__YOUR GOAL__: What are the lines, word for word, from the line with "お米の充填から炊飯、蒸らしまでの工程をトレー内で行います。" up to and including the line with "Ženska majica okruglog" in the records below? Omit the pictures.
===== MATERIAL PROVIDED
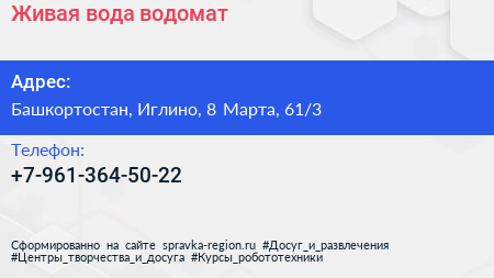 Живая вода, водомат по адресу Башкортостан, Иглино, 8 Марта, 61/3 в дальнейшем Организация, размещена в следующих категориях:
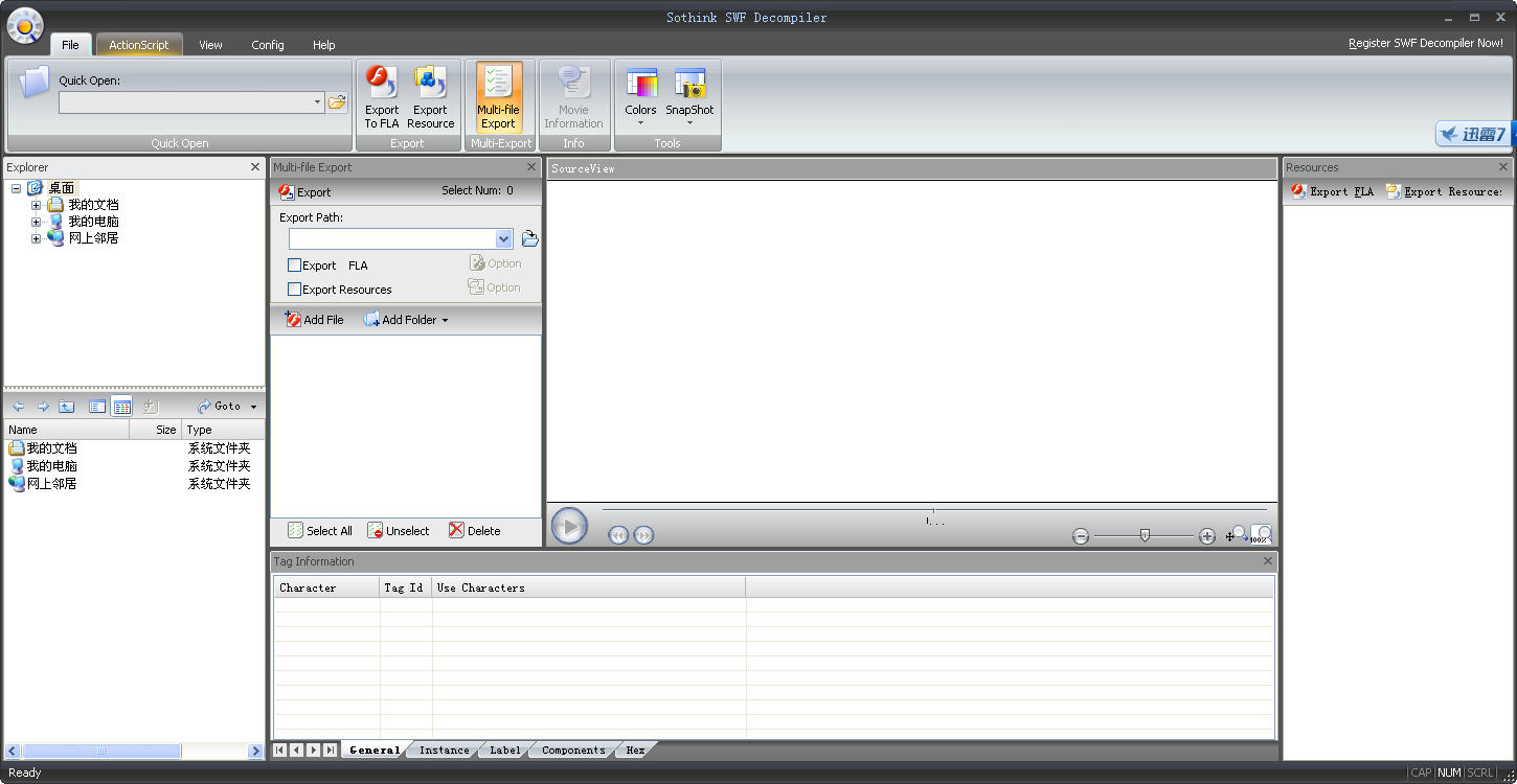 SWF Decompiler MX 它能够将flash动画中的图片、矢量图、字体、文字、按钮、影片片段、帧等基本元素完全分解,还可以对flash影片动作(Action)进行解析,清楚的显示其动作的代码,让您对Flash动画的构造一目了然。你可以将分解出来的图片、矢量图、声音灵活应用于Sothink Glanda中,让你也可以做出大师级的作品
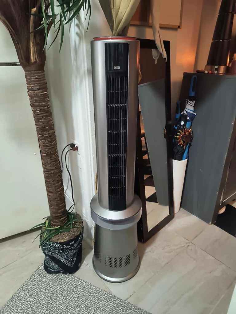 59Selling a DEKO tower fan in silver! This fan is perfect for cooling down any room and has a sleek design that will fit in with any decor
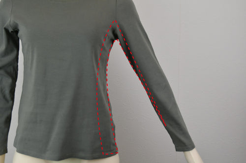 袖口幅は詰めずにアームホールから裾幅まで自然に詰めます。
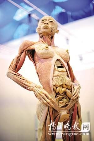整個(gè)展會(huì)上最“大牌”的展品,就應(yīng)該算“母子同體”人體標(biāo)本了。記者了解到,這也是世界上唯一一具女性妊娠標(biāo)本。這個(gè)懷孕3個(gè)月的母親雙手摸著腹部,安詳?shù)靥魍h(yuǎn)處,仿佛在期待著孩子的健康成長(zhǎng)。這個(gè)標(biāo)本主要體現(xiàn)的是女性生殖系統(tǒng)的組成,更難能可貴的是,這個(gè)標(biāo)本展示了胎兒在母體中的發(fā)育情況,讓人們非常直觀地了解了女性妊娠的科普知識(shí)。主辦方告訴記者,這個(gè)標(biāo)本得來也很不容易,“她的家人把她的遺體捐獻(xiàn)出來時(shí)還不知道她已經(jīng)懷了孕。當(dāng)我們解剖遺體制作標(biāo)本時(shí)發(fā)現(xiàn),她已懷了12周的身孕。所以這具‘母子同體’的人體標(biāo)本是我國(guó)唯一的一具!
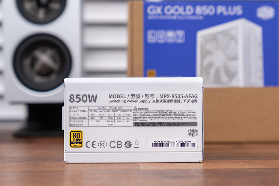 GX Gold Plus使用主动式PFC+谐振LLC+DC-DC方案,通过80 PLUS + Cybenetics双金牌认证,转换效率高,耐高温日系主电容,提供7年超长保固,省心耐用。额定功率 850W,采用单路 + 12V 输出设计,+12V 单路最大输出 849.6W,+5V 与 + 3.3V 输出电流均为额定 20A,联合输出功率为 100W,+5V 待机输出则为 3A,相当于 15W 功率。
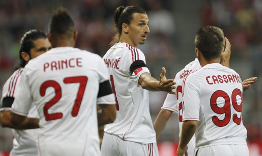 Милан (4-3-1-2): Кристиан Абиати; Иняцио Абате (62-Лука Антонини), Алесандро Неста (62-Тиаго Силва), Даниеле Бонера, Тайе Тайво (85-Масимо Одо); Дженаро Гатузо (46-Масимо Амброзини), Марк Ван Бомел, Урби Емануелсон (88-Алешандре Пато); Кевин-Принс Боатенг (62-Матия Валоти), Златан Ибрахимович (46-Алберто Палоски), Антонио Касано (62-Робиньо)
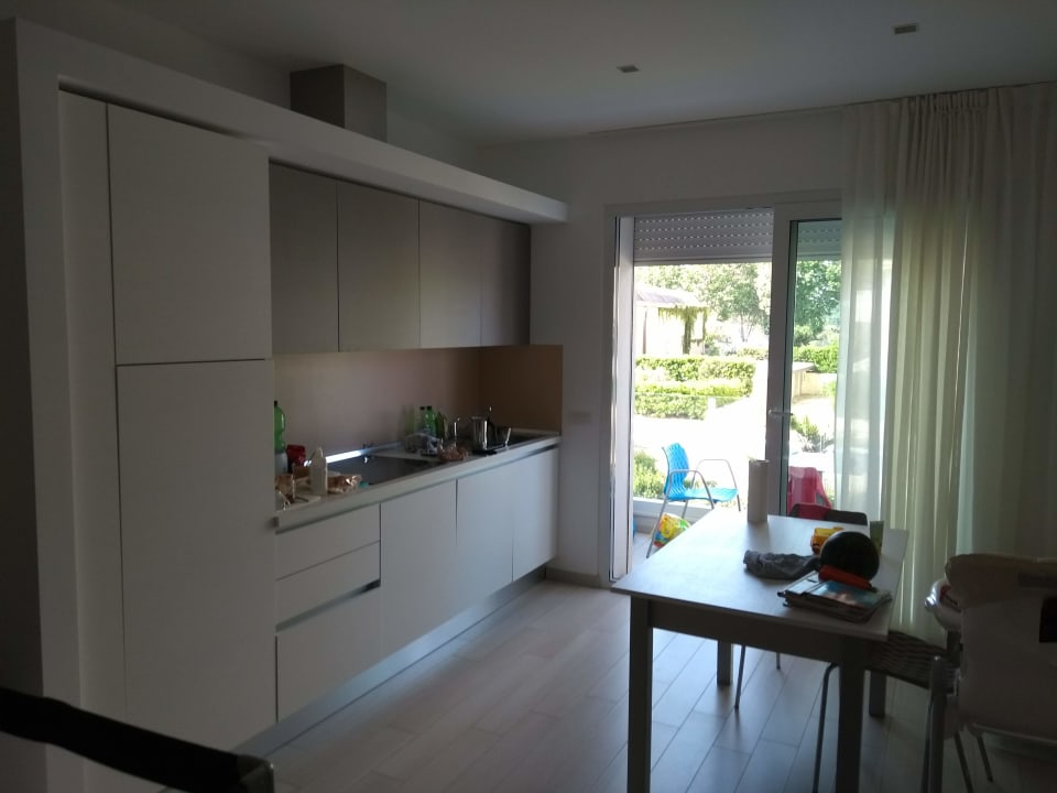 ZimmerBlick auf die Küche mit Esstisch und Terrasse.
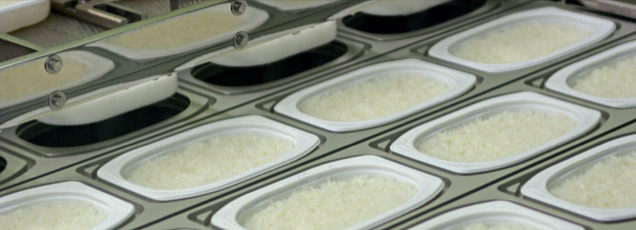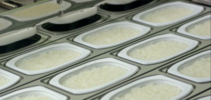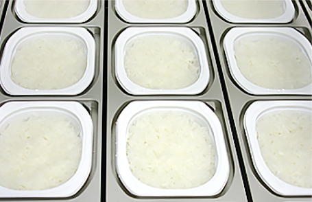 お米の充填から炊飯、蒸らしまでの工程をトレー内で行います。
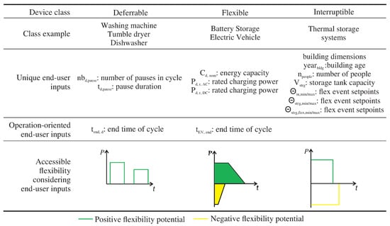The overview in Figure 3 shows the applied device classes. However, the unique end-user inputs indicate a more complex contribution pattern of single appliances when considering additional degrees of freedom. Classic deferrable appliances can contribute as interruptible devices when considering short pauses in operation cycles [31]. With regard to short-term flexibility, flexible and interruptible loads contribute to possible power consumption deviations. The complement of additional loads, such as lighting or cooling devices, is possible.
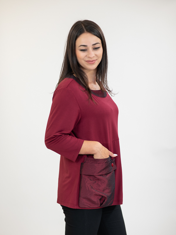 Ženska majica okruglog vratnog izreza . Majica je po sastavu 92% viskoza i 8% elastan, ugodna je za nošenje i lako se održava. Ova majica odgovara svakom tipu ženske figure i prigodna je kako za svečanije prigode tako i za odlazak na posao te je idealna za toplije dane uz suknju ili pak hlače.
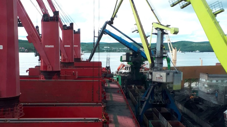 Kumpula loading in Murmansk. Taken by Master of Kumpula. Image by ESL Shipping.
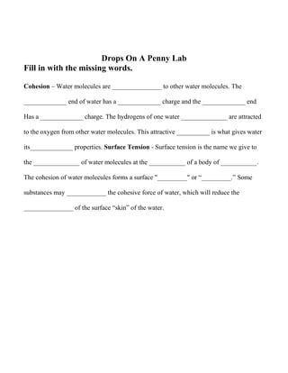 BIOLOGY PENNY LAB - SlideShare Drops On A Penny Lab Cohesion Water molecules are attracted to other water molecules. The oxygen end of water has a negative charge and the hydrogen end has a positive charge. The hydrogens of one water molecule are attracted to the oxygen from other water molecules. This attractive force is what gives water its cohesive properties.
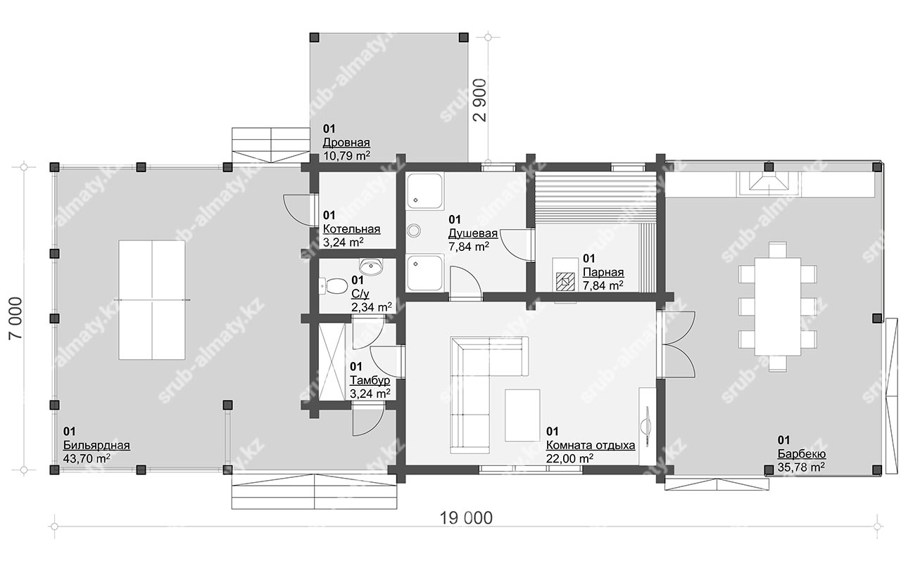 S Общая - 121 м.кв Материал - брус 200мм. Объем материала - 46 м.куб S кровли - 182 м.кв Осевые габариты - 10x19 м. H1 - 2,6 + м.
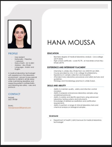 My name is Hana Moussa, and I am a graduate in Medical Laboratory Sciences. I am writing to express my interest in any available positions related to my field
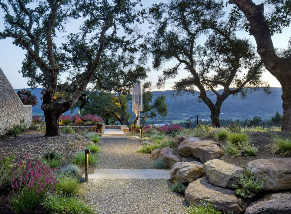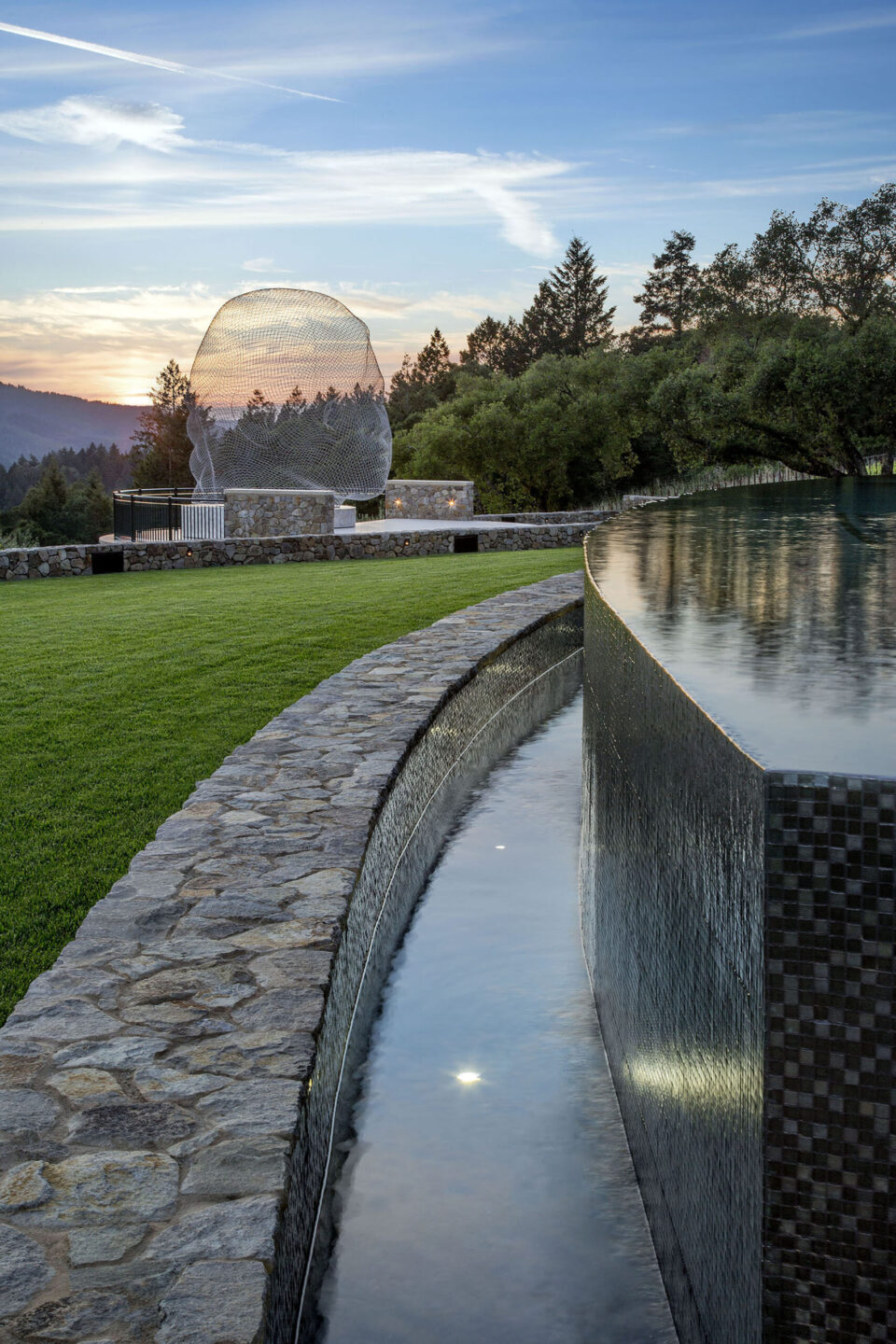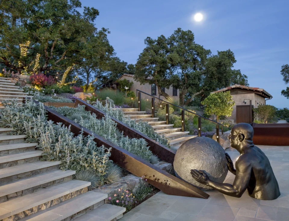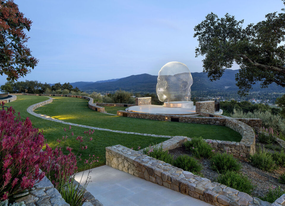În orașul Sfânta Elena, în zona viticolă Napa Valley din California, o amenajare peisagistică gândită în jurul pasiunii pentru sculptură construiește contextul necesar pentru fiecare operă de artă din colecția eclectică expusă în grădină. Această amenajare exterioară a fost concepută de cunoscuta firmă americană de peisagiști Arterra Landscape Architects pentru a construi un cadru adecvat unei colecții eclectice de sculpturi, creând decoruri unice pentru fiecare. Grădina extinde în exterior amenajarea unei reședințe în stil mediteranean, reamenajată pentru un cuplu pasionat de artă. Una dintre sculpturile din seria Arborele Ai Weiwei – cunoscut artist chinez contemporan care evocă, prin această serie, diversitatea umană – parcă plutește deasupra unei fântâni placate cu negru. O altă întindere de apă este piscină cu margine disipată spre uscat, care constituie fundalul pentru o variantă a sculpturii Înclinat de David Phelps. Opera – creată inițial pentru Oklahoma City și expusă în original acolo – este construită din oțel și piatră și invocă mitul lui Sisif pentru a evoca munca muncitorilor din cartierul Bricktown din orașul capitală a statului american Oklahoma. Iar zidurile curbilinii din piatră conturează un amfiteatru, ca o scenă pentru compoziția Ceață de Jaume Plensa, una din piesele iconice ale sculptorului spaniol. Plantele colorate, rezistente la secetă și gândite să populeze peisajul pe toată durata anului, piatra nativă și coronamentul existent al stejarului unifică elementele locului, echilibrând contemplativul cu grandiosul. Amenajarea se completează cu o seră și cu o grădină de legume, îmbinând esteticul cu funcționalul într-un spațiu care permite desfășurarea pe toate planurile. Aceastǎ amenajare exterioara a fost premiată cu Luxe Red Award – Cel mai bun peisaj regional, în 2022. Foto: Cesar Rubio / Paul Dyer CITEȘTE ȘI: Poezia unei grădini cu vedere spre Oceanul Pacific, unde sălbăticia este doar aparentă Sport, natură și convivialitate: cum a fost amenajată o curte de aproape 1.000 mp Grădină iconică pentru o casă celebră, în Los Angeles Distribuie articolul pe:
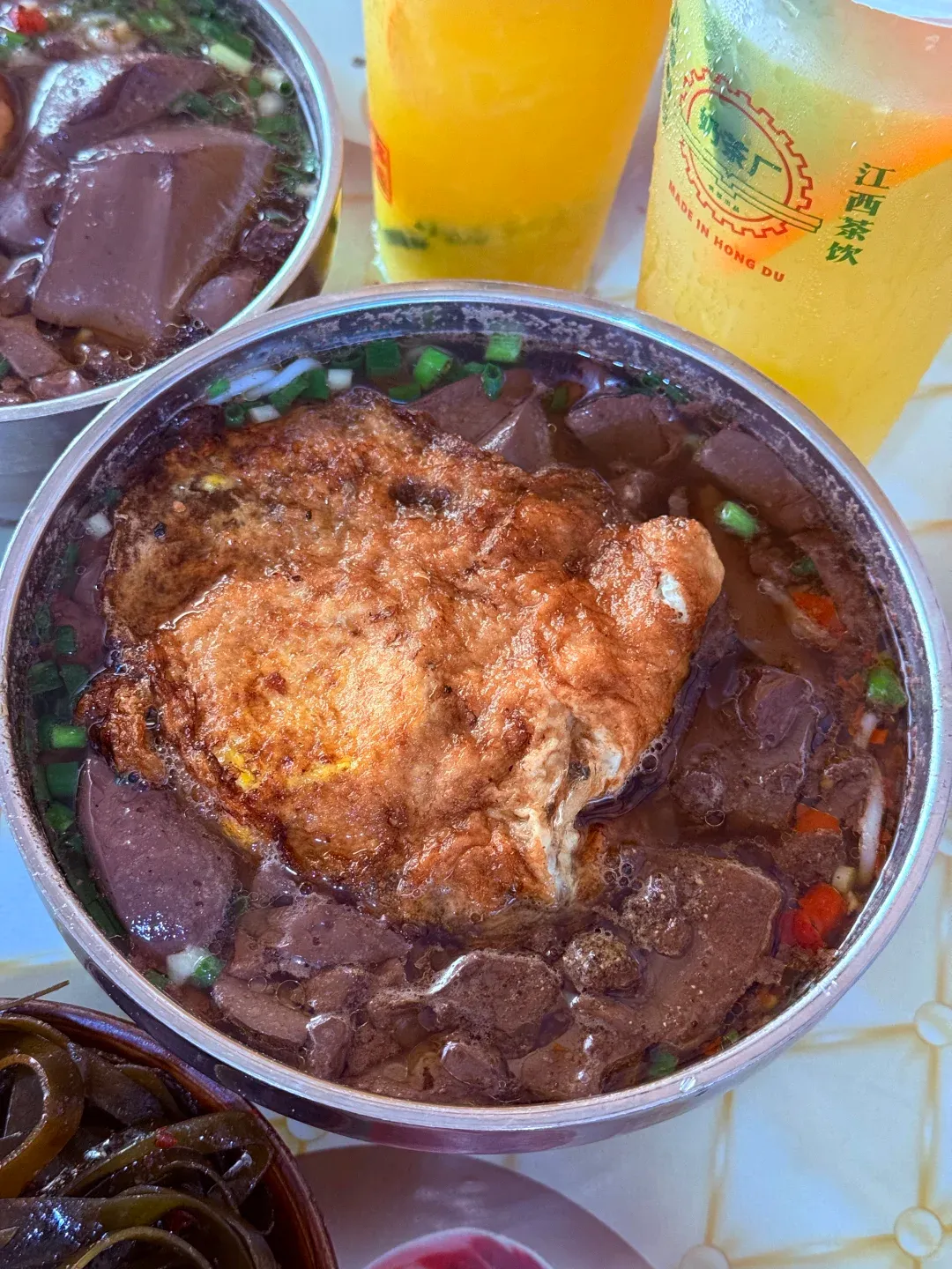 南昌猪血粉界的 “顶流老字号”,传承三代,四十余年坚守老味道,是老南昌人心中无可替代的白月光。猪血嫩滑到筷子一碰就碎,汤底鲜醇,米粉筋道,辣得过瘾,鲜得入味,每一口都是老南昌的原始风味。
==========
__OUTPUT BELOW__:
 お米の充填から炊飯、蒸らしまでの工程をトレー内で行います。
The overview in Figure 3 shows the applied device classes. However, the unique end-user inputs indicate a more complex contribution pattern of single appliances when considering additional degrees of freedom. Classic deferrable appliances can contribute as interruptible devices when considering short pauses in operation cycles [31]. With regard to short-term flexibility, flexible and interruptible loads contribute to possible power consumption deviations. The complement of additional loads, such as lighting or cooling devices, is possible.
 Ženska majica okruglog vratnog izreza . Majica je po sastavu 92% viskoza i 8% elastan, ugodna je za nošenje i lako se održava. Ova majica odgovara svakom tipu ženske figure i prigodna je kako za svečanije prigode tako i za odlazak na posao te je idealna za toplije dane uz suknju ili pak hlače.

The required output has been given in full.